There are two problems that you should address that I see.

First, how do you teach them not to believe everything an AI says? Well, how do you teach them not to believe everything a politician says? An advertiser? A peer? Do that with AI, too. It's not a new problem.

Second, how do you keep them from being emotionally attached to an AI? Give them hugs. Give them eye contact. Give them genuine attention from an actual human - lots of it - and pray that it's enough.

3 comments

> Second, how do you keep them from being emotionally attached to an AI?

You can't. We (including people's kids) will at some point, to some degree, become emotionally attached to an AI.

The thing is to be clear about what that 'friendship' does for you, what you put in & what you get out of it.
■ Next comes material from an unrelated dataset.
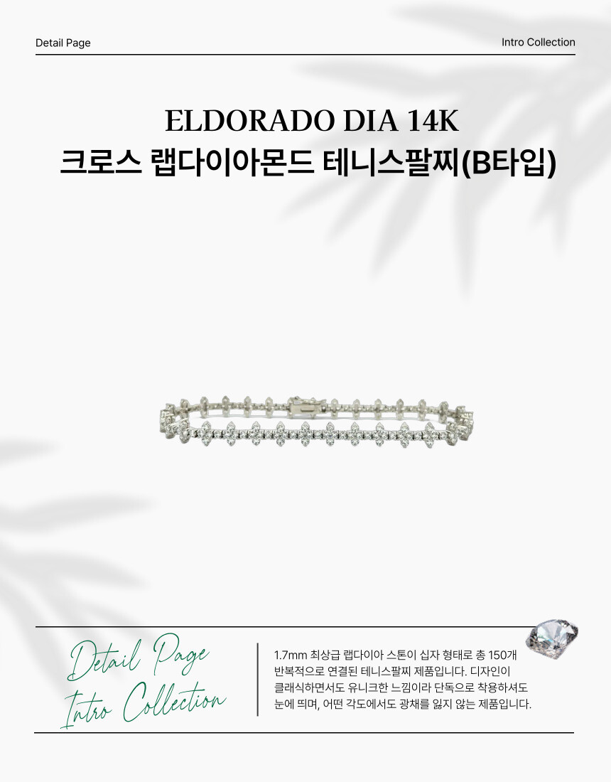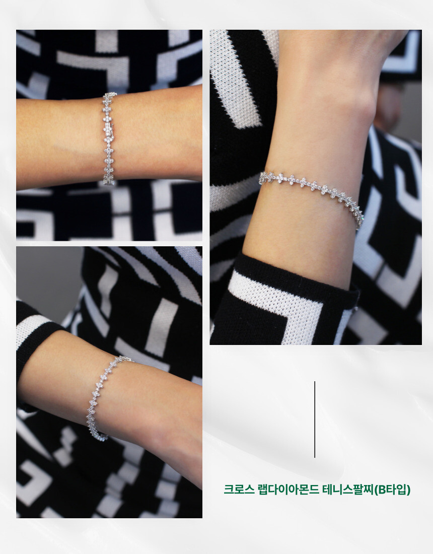 최상급 랩다이아몬드가 십자 형태로 반복적으로 연결된 테니스팔찌 제품입니다. 클래식 하면서도 유니크한 느낌을 주는 세팅 방식으로 단독으로 착용하셔도 눈에 띄는 팔찌입니다.

Be aware of downsides, privacy issues, etc. And then: enjoy.

On the flip side, such bonds are not exclusive with human-human bonding. You can have both. So hug your kids often while they play with their AI-powered toy doggie.

Every modern chatbot has a web search option. With ChatGPT you tell it to “verify that” and it provides live web results.

For mathematics, you tell if to “verify that with Python” and you check the code it runs.

> First, how do you teach them not to believe everything an AI says?

critical thinking is a thing, certainly. I am thankful to my late father, for having me taught the art of questioning stuff.